We've been a well run forum (thank you @LondonDragon and moderators @Ady34 and @GHNelson etc) we've mainly been fairly polite to one another, even when we haven't always agreed, and we just have great posters (@Geoffrey Rea ,  @foxfish , @Tim Harrison , @ceg4048 , @Wookii , @Zeus.)  who have many years of practical experience. We have aquascapers (@George Farmer, @CooKieS), we have members with scientific technical knowledge (@oreo57 and @X3NiTH) etc., we have growers of rare plants (@Roland), I could go on and apologies to those I missed (@sparkyweasel, @alto and @shangman etc).

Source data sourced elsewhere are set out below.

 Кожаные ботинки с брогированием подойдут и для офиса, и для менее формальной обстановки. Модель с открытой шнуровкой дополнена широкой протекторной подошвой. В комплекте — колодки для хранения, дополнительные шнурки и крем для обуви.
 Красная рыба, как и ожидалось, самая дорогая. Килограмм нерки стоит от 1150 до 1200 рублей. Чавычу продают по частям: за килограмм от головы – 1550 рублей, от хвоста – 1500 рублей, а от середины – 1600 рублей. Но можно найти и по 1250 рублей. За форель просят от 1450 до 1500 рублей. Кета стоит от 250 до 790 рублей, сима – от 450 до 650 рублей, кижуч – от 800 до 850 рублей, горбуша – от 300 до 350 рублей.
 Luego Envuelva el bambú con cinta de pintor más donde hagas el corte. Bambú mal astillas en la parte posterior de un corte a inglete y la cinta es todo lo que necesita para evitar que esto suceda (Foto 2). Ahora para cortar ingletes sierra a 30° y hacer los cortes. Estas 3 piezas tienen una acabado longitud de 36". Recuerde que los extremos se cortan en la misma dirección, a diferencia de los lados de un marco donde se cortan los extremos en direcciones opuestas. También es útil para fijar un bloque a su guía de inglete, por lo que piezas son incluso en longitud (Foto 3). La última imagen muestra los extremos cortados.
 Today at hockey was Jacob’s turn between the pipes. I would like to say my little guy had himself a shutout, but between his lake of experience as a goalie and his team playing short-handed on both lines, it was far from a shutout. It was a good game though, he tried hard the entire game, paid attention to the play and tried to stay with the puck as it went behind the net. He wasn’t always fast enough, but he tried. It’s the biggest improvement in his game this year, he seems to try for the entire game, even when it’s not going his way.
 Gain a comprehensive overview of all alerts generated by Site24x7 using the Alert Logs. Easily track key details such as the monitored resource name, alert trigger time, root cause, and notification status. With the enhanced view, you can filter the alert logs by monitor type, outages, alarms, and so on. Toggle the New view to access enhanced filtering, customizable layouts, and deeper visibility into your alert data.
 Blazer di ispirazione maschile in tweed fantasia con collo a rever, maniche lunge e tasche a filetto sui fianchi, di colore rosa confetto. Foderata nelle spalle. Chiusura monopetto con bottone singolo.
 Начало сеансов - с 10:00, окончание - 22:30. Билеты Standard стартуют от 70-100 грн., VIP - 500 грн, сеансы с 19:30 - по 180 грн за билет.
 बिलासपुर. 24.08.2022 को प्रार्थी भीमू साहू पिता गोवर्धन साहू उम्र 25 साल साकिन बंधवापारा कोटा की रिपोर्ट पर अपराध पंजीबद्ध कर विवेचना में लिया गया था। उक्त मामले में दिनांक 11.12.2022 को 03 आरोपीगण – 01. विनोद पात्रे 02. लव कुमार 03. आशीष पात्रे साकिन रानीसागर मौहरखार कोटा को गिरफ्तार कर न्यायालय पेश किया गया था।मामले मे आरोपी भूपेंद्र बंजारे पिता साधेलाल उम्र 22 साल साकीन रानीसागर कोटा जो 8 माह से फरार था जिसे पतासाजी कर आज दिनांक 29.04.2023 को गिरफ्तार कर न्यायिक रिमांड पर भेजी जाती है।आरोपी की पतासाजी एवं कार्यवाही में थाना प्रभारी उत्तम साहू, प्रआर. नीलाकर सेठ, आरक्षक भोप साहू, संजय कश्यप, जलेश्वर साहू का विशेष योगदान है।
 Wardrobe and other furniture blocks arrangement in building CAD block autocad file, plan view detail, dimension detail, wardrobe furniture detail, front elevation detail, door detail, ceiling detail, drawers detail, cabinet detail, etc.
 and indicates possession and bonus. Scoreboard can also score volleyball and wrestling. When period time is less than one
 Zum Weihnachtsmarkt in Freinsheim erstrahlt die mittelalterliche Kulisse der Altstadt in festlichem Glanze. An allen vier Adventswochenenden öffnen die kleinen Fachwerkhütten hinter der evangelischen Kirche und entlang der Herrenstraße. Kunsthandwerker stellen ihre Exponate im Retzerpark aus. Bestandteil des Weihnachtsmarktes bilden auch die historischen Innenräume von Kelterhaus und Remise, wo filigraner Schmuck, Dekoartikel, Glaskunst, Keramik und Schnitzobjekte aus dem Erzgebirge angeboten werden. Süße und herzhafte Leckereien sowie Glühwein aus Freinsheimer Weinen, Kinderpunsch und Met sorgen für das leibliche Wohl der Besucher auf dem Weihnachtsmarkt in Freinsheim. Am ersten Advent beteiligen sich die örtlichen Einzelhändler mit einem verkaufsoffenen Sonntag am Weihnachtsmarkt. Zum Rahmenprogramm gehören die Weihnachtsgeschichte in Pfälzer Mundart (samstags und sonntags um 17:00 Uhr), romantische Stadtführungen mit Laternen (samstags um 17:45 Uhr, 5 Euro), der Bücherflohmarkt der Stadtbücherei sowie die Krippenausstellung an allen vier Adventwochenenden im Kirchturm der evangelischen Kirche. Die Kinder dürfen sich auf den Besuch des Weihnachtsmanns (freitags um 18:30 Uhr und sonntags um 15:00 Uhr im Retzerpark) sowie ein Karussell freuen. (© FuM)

I'm biased, but I don't think there is another repository of as much practical and scientifically accurate advice and information about planted tank keeping on the WWW.

cheers Darrel


----------



## MichaelJ (22 Oct 2021)

dw1305 said:


> I could go on and apologies to those I missed


You forgot to mention @dw1305 ...


----------



## dw1305 (22 Oct 2021)

Hi all, 


sparkyweasel said:


> Have you checked the calibration of the meter?


Definitely worth checking. You can calibration solutions for these meters, the <"442 standard"> is the usual one for freshwater,


> ........ 442 Natural Water Standard Solutions are based on the following salt proportions: 40% sodium sulfate, 40% sodium bicarbonate, and 20% sodium chloride which represent the three predominant components
> “anions” in freshwater). This salt ratio has conductivity characteristics approximating fresh natural waters ............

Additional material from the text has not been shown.